The final inference task consumes the augmented images and CAD masks from task
outputs, then reads PCBA submasks from `datasets/pcb/raw`, pretrained weights
from `models/pretrained`, and either the shipped checkpoint from `models/pcb`
or the finetune task output. When `use_pretrained_checkpoint=false` the
finetune-job task builds its validation set on the fly via `prep_testcase.sh`
(anomalygen Phase 1 Step 2) before torchrun starts.

## Finetune-mode cookbook render (in-pod, automatic)

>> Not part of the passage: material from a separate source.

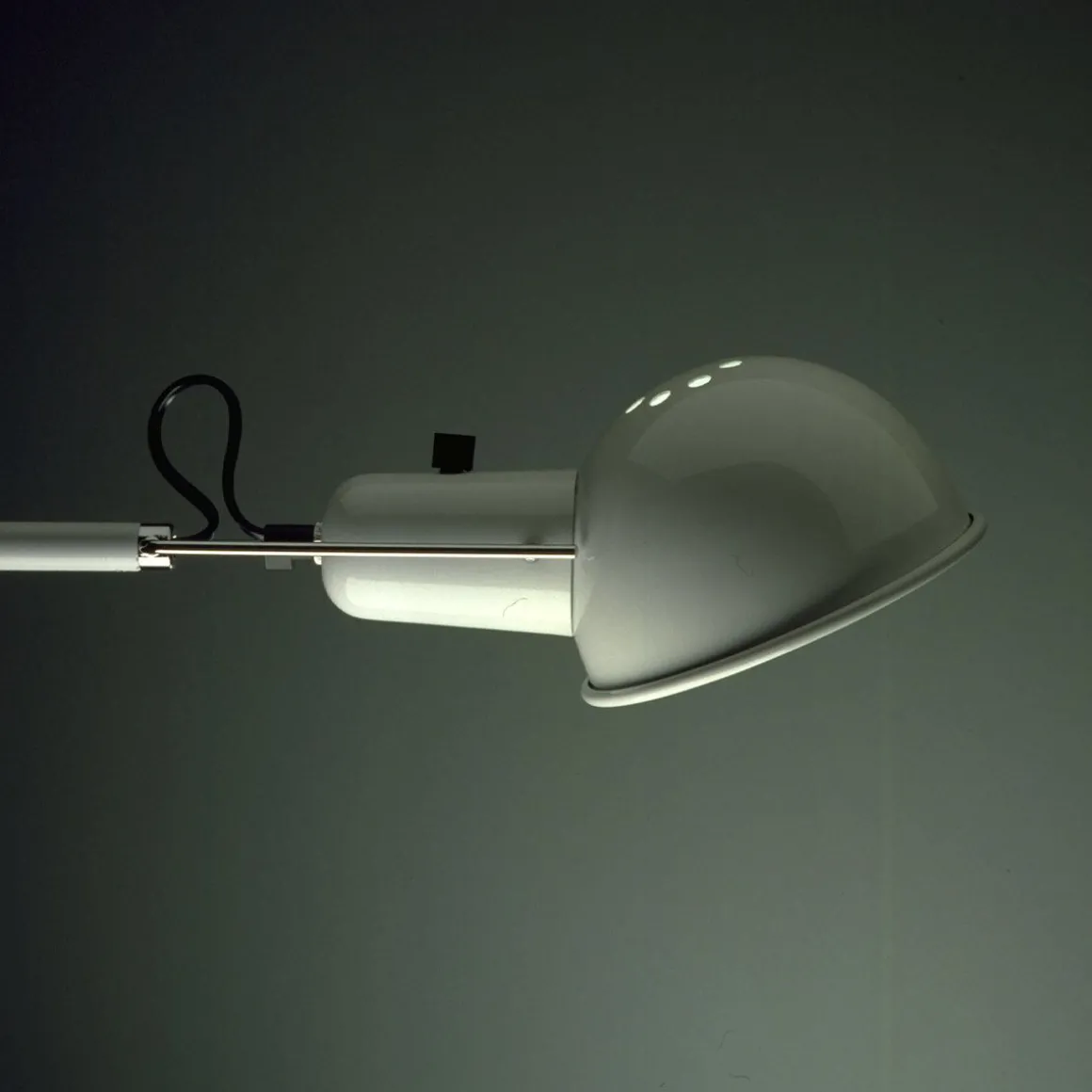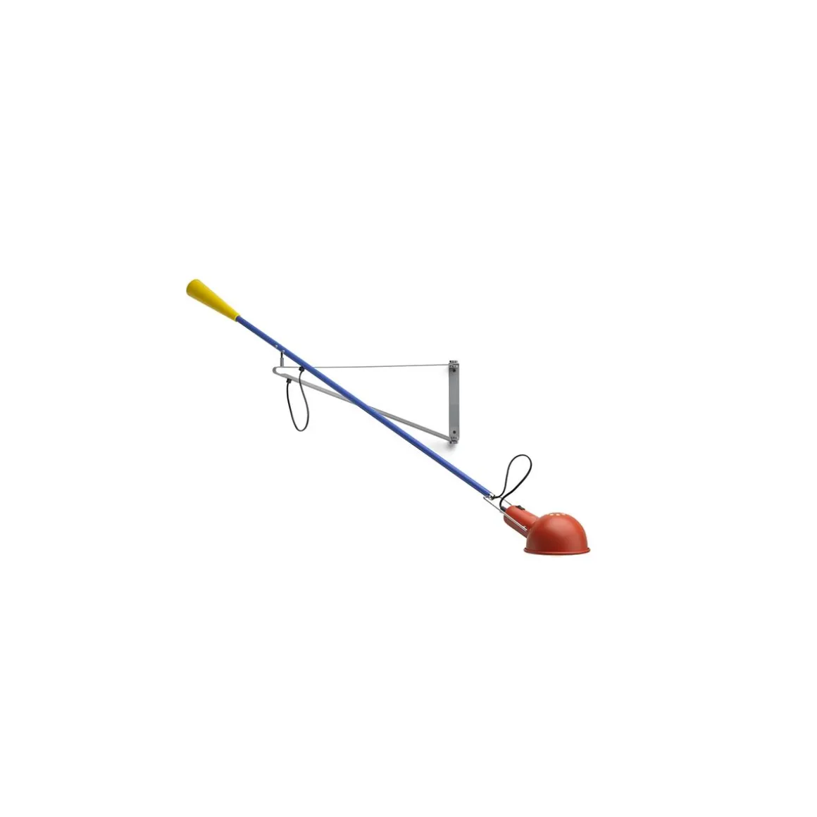Applique à lumière directe. Réflecteur, bras orientable et attache murale en acier recouvert d’un vernis liquide. Support de réflecteur en laiton chromé. Contre-poids conique en fonte.
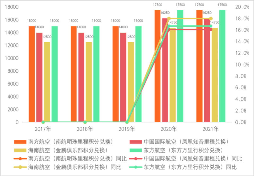 以中國銀行積分兌換航空里程為例。從2017年到2021年,中國銀行與國內各家航空公司的里程積分兌換比例出現調整,積分價值下滑趨勢明顯。其中2020年中國銀行積分兌換南方航空、中國國際航空、海南航空、東方航空1航空里程所需積分數量均出現超過10%的增長,特別是2020年中國銀行積分兌換1航空里程海南金鵬俱樂部積分所需積分數量同比增長率達到18%。

In finetune mode (`use_pretrained_checkpoint=false`) the cookbook at
`assets/cookbooks/pcb/ag_config.yaml` is uploaded to the pod via `localpath:`
and rendered in-pod by `yq` right after Phase 1 Step 2 produces
`validation.jsonl`. **No pre-submit render step.** The 5 patched fields and
the `trainer.early_stop` drop are described in `finetune.md` §"Cookbook render
(in-pod, automatic)".

## Image-Edit Endpoint

Use an existing endpoint reachable from OSMO pods, or deploy the local cluster
service from `references/nim/`.

```bash
IMAGE_EDIT_ENDPOINT=http://qwen-image-edit-nvpcb-ovsl2sl.osmo-nims.svc.cluster.local:8000/v1
IMAGE_EDIT_MODEL=nvidia/Qwen-Image-Edit-NVPCB-OVSL2SL
```

## Submit

Generate a fresh run stamp (see SKILL.md §"Name stamping"):

```bash
STAMP=$(cat /proc/sys/kernel/random/uuid | cut -c1-8)
NAME=texture_defect_gen_day0-$STAMP
```

Default passthrough:

```bash
osmo workflow submit assets/configs/texture_defect_generation_day0.yaml \
  --pool <pool> \
  --set name=$NAME \
        dig_url_root=<dig_url_root> \
        image_edit_endpoint=${IMAGE_EDIT_ENDPOINT} \
        image_edit_model=${IMAGE_EDIT_MODEL}
```

Finetune-from-scratch:

```bash
osmo workflow submit assets/configs/texture_defect_generation_day0.yaml \
  --pool <pool> \
  --set name=$NAME \
        dig_url_root=<dig_url_root> \
        use_pretrained_checkpoint=false \
        image_edit_endpoint=${IMAGE_EDIT_ENDPOINT} \
        image_edit_model=${IMAGE_EDIT_MODEL}
```

Useful smoke-test knobs:

```bash
--set render_patches=5 num_sdg=15
```

The default taxonomy is:

```bash
'anomaly_types_json=[["IC","bridge"],["passive_component","excess_solder"],["passive_component","missing"]]'
```

## Output

> See [Output Retrieval](../output_retrieval.md).

## Troubleshooting

- **Missing URL artifacts** — submit `setup/setup_pcb.yaml` + `setup/setup_pretrained.yaml`, or upload under the same `dig_url_root`.
- **`ERROR: no USD found under <ASSETS_IN>`** — inspect `<dig_url_root>/datasets/pcb/assets`; it must contain the USD tree from the PCBA assets artifact.
- **`ERROR: $DATASET_DIR/defect_spec.jsonl missing in raw dataset`** — `<dig_url_root>/datasets/pcb/raw` is incomplete; rerun `setup/setup_pcb.yaml`.
- **`ERROR: prep_testcase.sh produced an empty validation.jsonl`** — the raw PCBA dataset has no training masks under `<MATERIAL>/mask/<defect>/`.
- **`submask dir not found`** — the raw PCBA data must have `<material>/mask/<defect>/` directories matching `anomaly_types_json`.
- **Image-edit failures** — verify `image_edit_endpoint` from inside the cluster and check `references/nim/README.md`.